Commanders and leaders
- Samuil of Bulgaria Roman of Bulgaria: Basil II

Strength
- Unknown: 15,000–20,000

Casualties and losses
- Unknown (Light): Unknown (Heavy)

= Battle of the Gates of Trajan =

986 battle of the Byzantine–Bulgarian Wars

The Battle of the Gates of Trajan (Битка край Траянови врати, Μάχη στις Πύλες του Τραϊανού) was a battle between Byzantine and Bulgarian forces in the year 986.

It took place in the pass of the same name, modern Trayanovi Vrata, in Sofia Province, Bulgaria. It was the largest defeat of the Byzantines under Emperor Basil II. After the unsuccessful siege of Sofia he retreated to Thrace, but was surrounded by the Bulgarian army under the command of Samuel in the Sredna Gora mountains. The Byzantine army was annihilated and Basil himself barely escaped.

Fifteen years after the fall and re-capture of the Bulgarian capital of Preslav, the victory at the Gates of Trajan extended the Bulgarian successes achieved since 976. Later on Tsar Samuel moved the capital from Preslav in the northeast to Ohrid in the southwest. The memory of the great victory over Basil II was preserved thirty years later in the Bitola inscription of Ivan Vladislav (1015–1018), the son of Aron.

== Historical sources ==
In addition to the Bitola inscription where the victory of Samuel, commander of the Bulgarian army, is mentioned in summary form, several medieval historians have written accounts for the battle.
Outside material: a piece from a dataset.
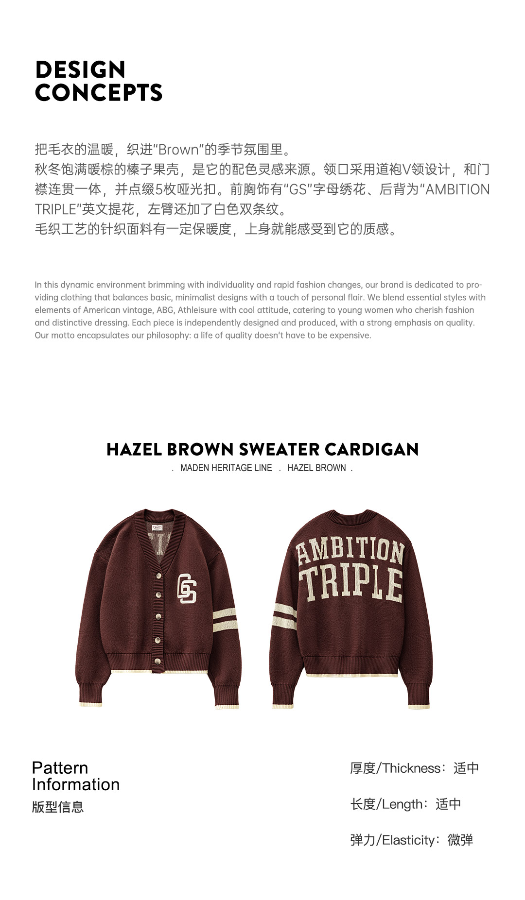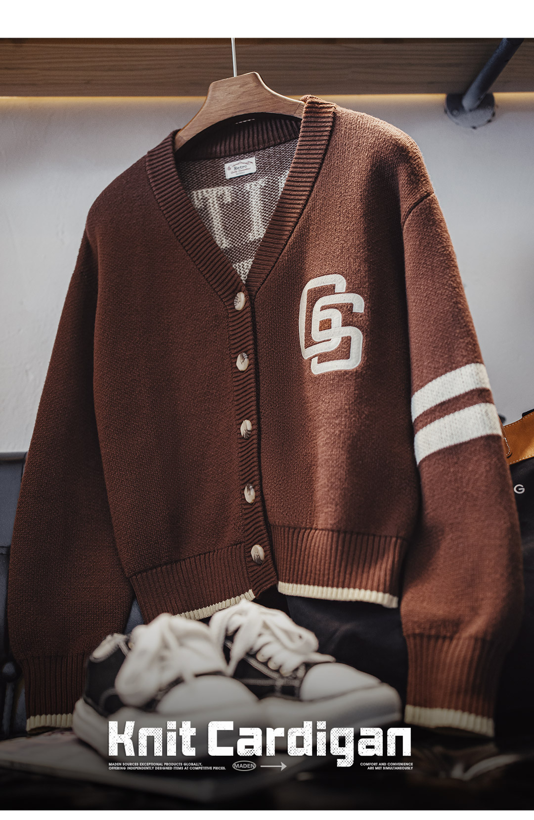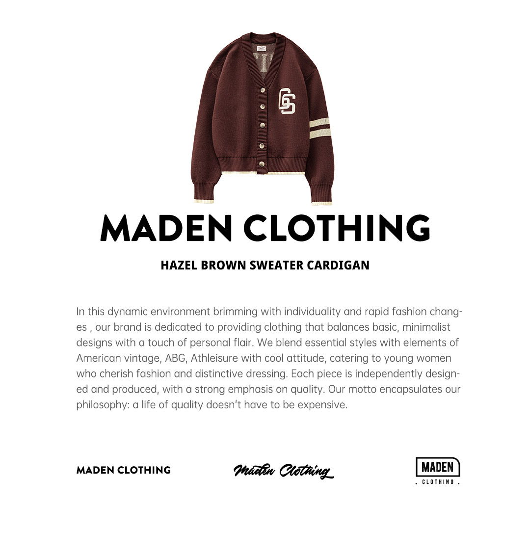 马登美式复古长袖棕色V领针织开衫外套上衣宽松撞色毛衣女士秋冬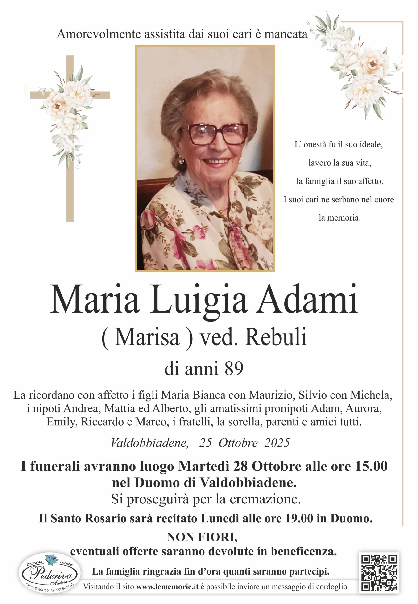 I funerali avranno luogo Martedì 28 Ottobre alle ore 15.00 nel Duomo di Valdobbiadene.

Among them were Leo the Deacon who was an eyewitness and a direct participant in the campaign; John Skylitzes and two other historians George Kedrin and Joannes Zonaras who repeat the work of Skylitzes. Not only Byzantine historians wrote accounts for the battle, it was also recorded by the Melkite chronicler Yahaya of Antioch and the Armenians Stephen of Taron (also known as Asolic) and Matthew of Edessa. More details can be found in the commended sermon of Saint Photius of Thessaly.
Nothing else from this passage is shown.